Few years back I was discussing with a friend about shopping. She told me that when she had to purchase a gift for someone, say a watch, she would go to the shop and look around for appropriate watches until she found a few that matched her criteria and then she would look at the price. If the price was within budget she would purchase the watch, else she would start all over again.
I was aghast. If I wanted to purchase a watch for someone, I would set the primary filter as the price and then select from the watches that met my primary, that is price, criterion.
Essentially we apply that criterion first that is most important to us. This primary criterion seems to vary from person to person.
Today I happened to go along with a friend who wanted some editing done on some videos that he had. He wanted to do some trimming, merging, adding subtitles, changing aspect ratio and the like. Both of us went to a person he knew who works as a video editor.

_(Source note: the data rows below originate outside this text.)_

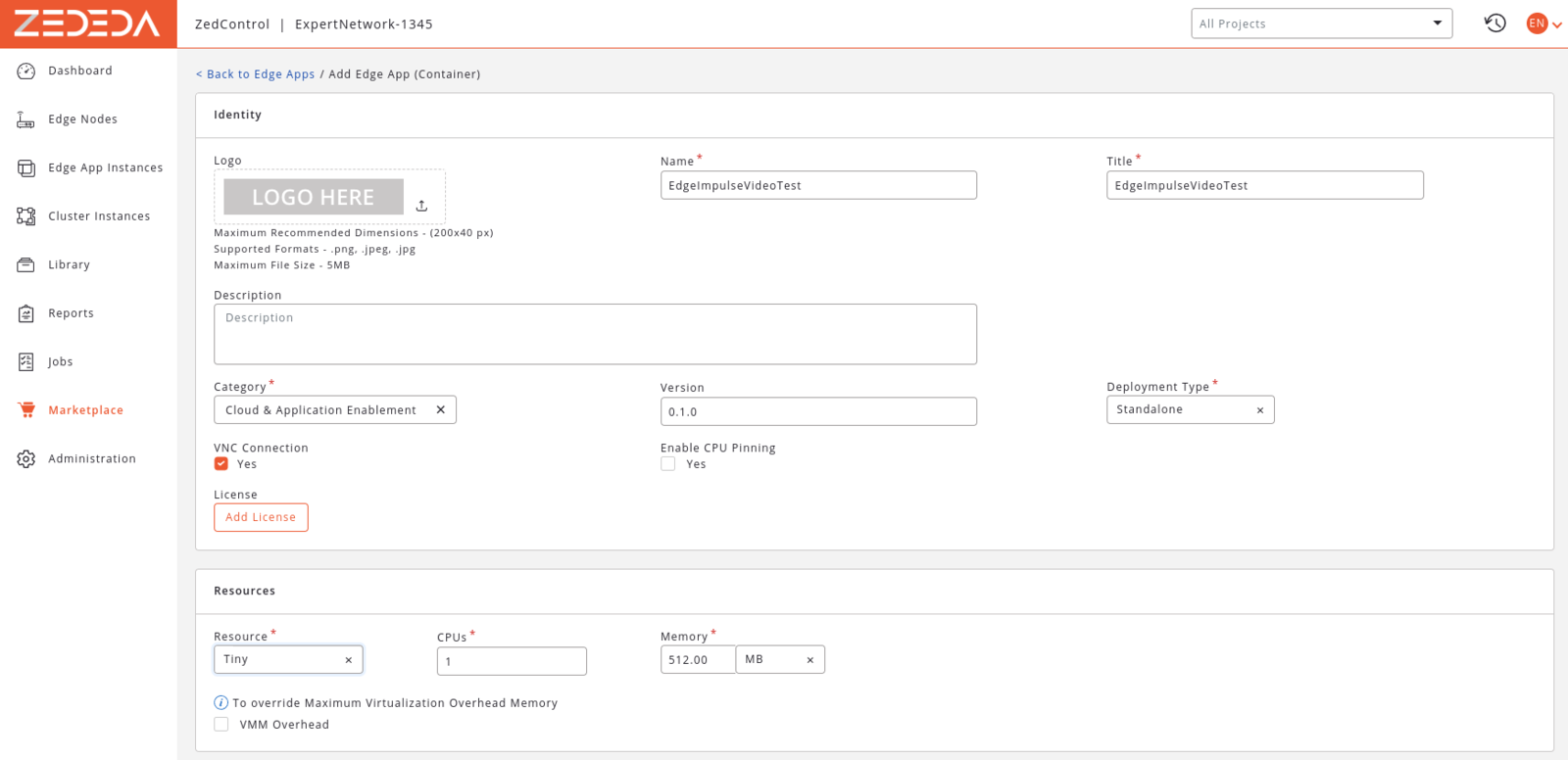 In this section we will show how we can deploy Edge Impulse models as an Edge App into the ZEDEDA platform. EVE OS and the ZEDEDA platform supports running applications based either on Containers or Virtual Machines (VM). In this project we will build and deploy our Edge Impulse model as a Container-based Edge App.Preparing a Container Image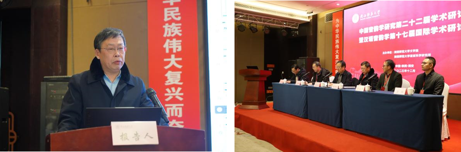 2023年12月15日至17日,中国音韵学研究第二十二届学术研讨会暨汉语音韵学第十七届国际学术研讨会在陕西师范大学召开。会议经教育部批准,由陕西师范大学文学院、语言科学研究所主办。会议主题为“为往圣继绝学,为中华民族伟大复兴而奋斗——汉语音韵学研究的继承和发展”。来自国内外80余所高校和科研机构的180余位代表、嘉宾通过线上线下参加了会议,123位学者报告了自己的最新研究成果。我院王兆鹏教授带领博士生朱玲莉,硕士生宋晗飞、侯雪洁,本科生牟丹婷线下参会,青年教师翟春龙线上参会。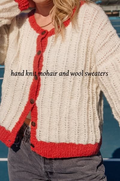 Hand knit sweaters by a fair trade organization in Nepal that helps fund a primary school and skills classes for the community.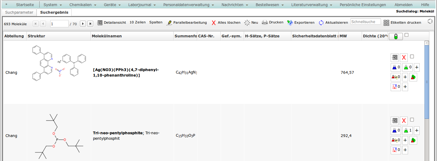 - Das Symbol ganz rechts zeigt an, aus welchem Objekttyp die Ergebnisliste besteht, z.B. Substanzen, Gebinde oder Experimente. The symbol on the very right indicates the object type of the current result list, e.g. substances, containers or experiments.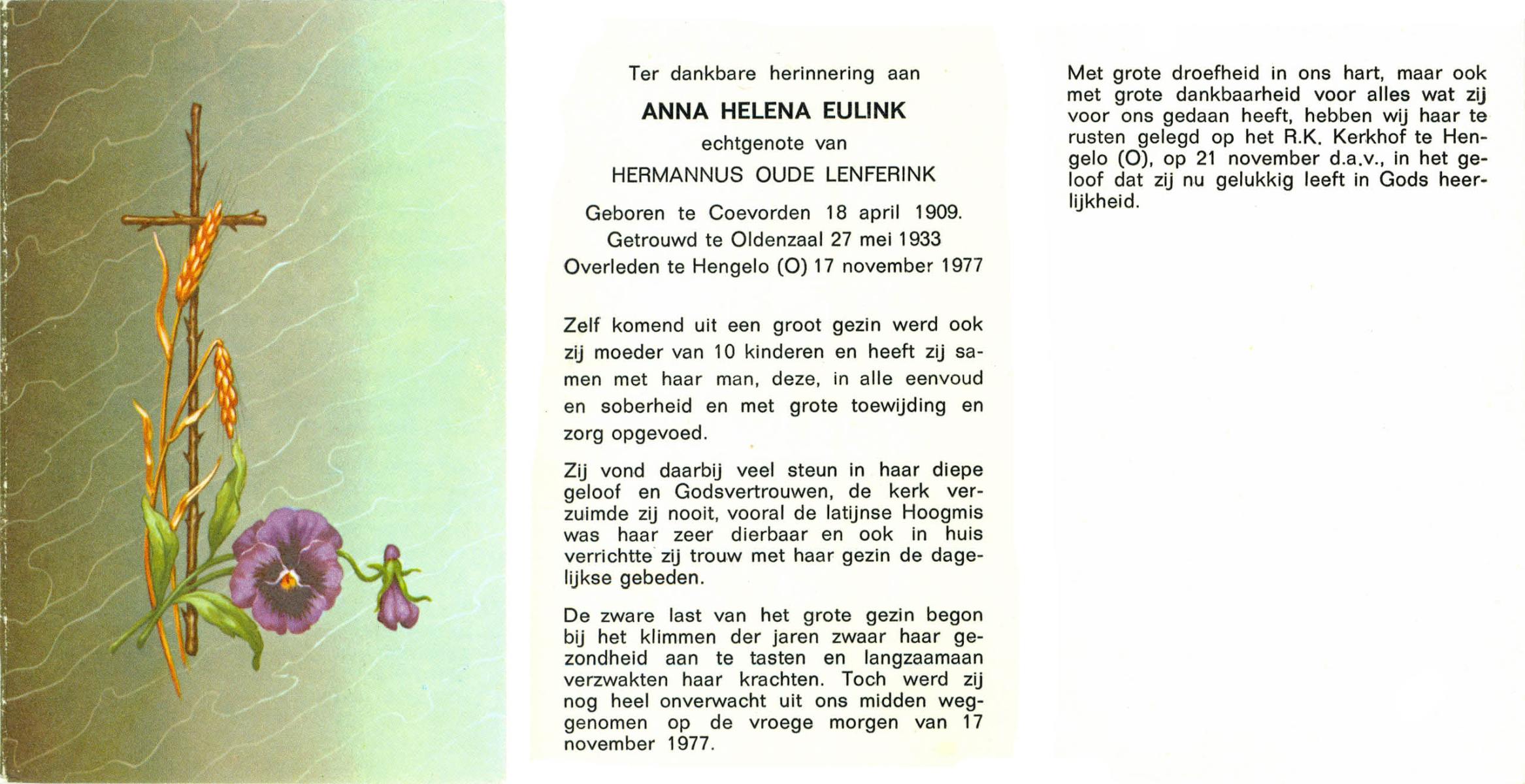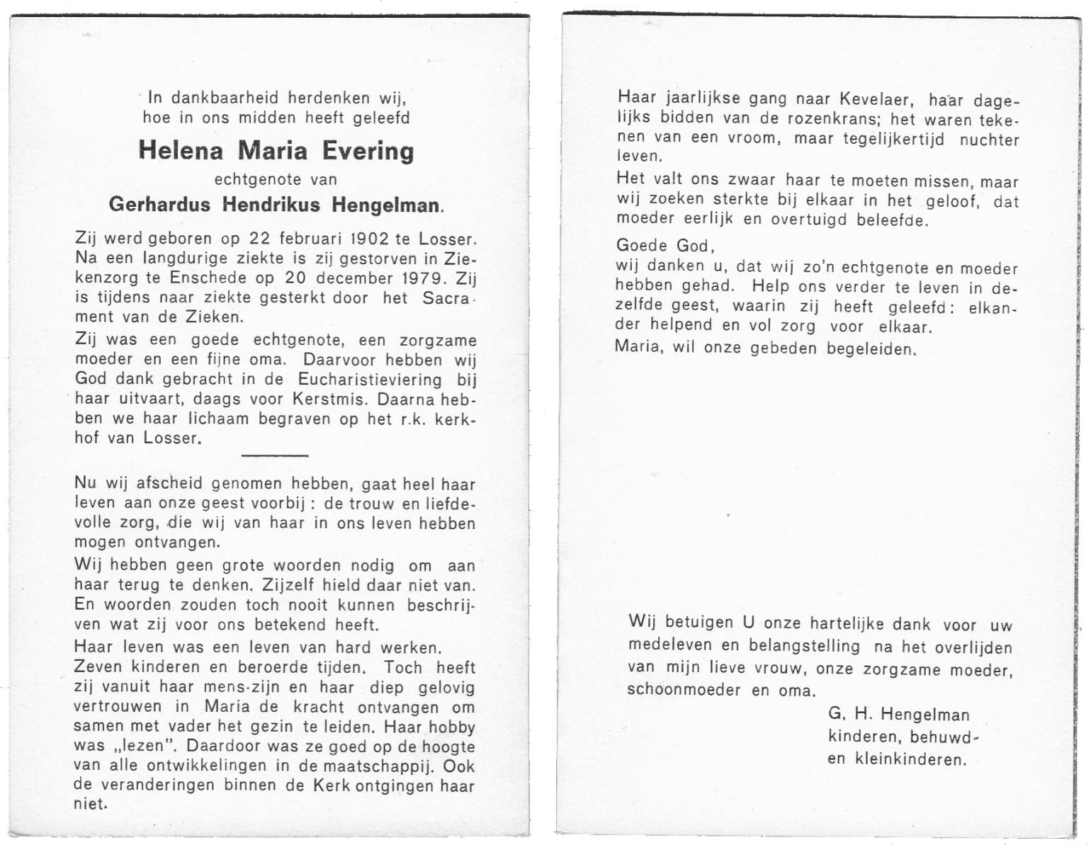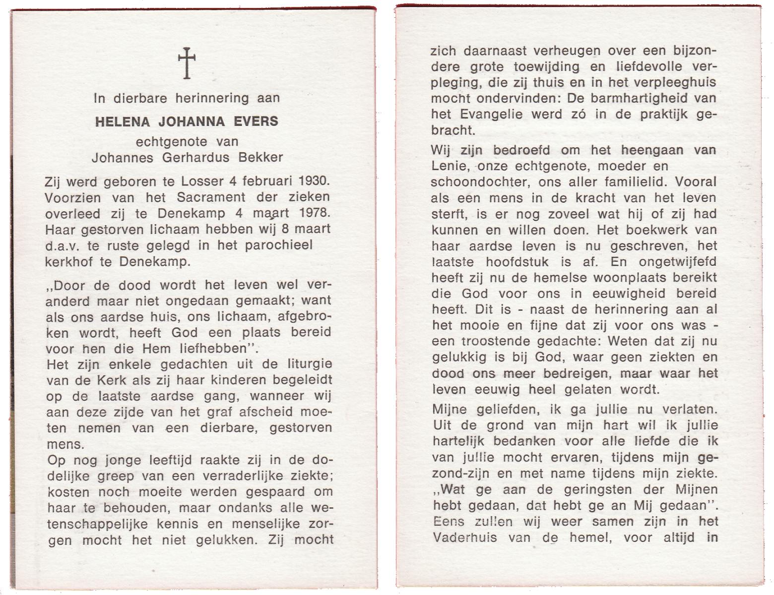EVERS, Helena Johanna, geboren op 4-2-1930 te Losser, overleden op 4-3-1978 te Denekamp op 48-jarige leeftijd, begraven op 8-3-1978 te Denekamp.

We soon found out that the guy was using a software, the annual license cost of which was quite high. I started getting fidgety. I thought there was no point getting to know how to use this software if we weren't going to buy it. I asked my friend whether he wanted to get the editing done primarily or whether he wanted to use this occasion to learn how to do editing. He avoided answering my question.
Coming back, I related today's conversation with the one I had years earlier about the purchase of a watch.
The similarity struck me. In both cases I would have applied the price filter first. But neither of my friends did that.
So I wondered. My first friend wanted to get the right watch. Today, my other friend wanted to watch how the editing was done.
For some people, the passion is about the job. For others it is about completing the job.
Maybe I need to rephrase that. When we are passionate about something, we do not worry about its completion. We just want to be immersed in it and get it to perfection.
In other cases, we take it as a job and just get it done. In these cases, perfection is not a goal. Good enough and fast is.
Having said that, I wonder how people like Steve Jobs married both the concepts.
When I get irritated with people who don't use MY primary filter, I might have to consider how they feel about my using what is not THEIR primary filter.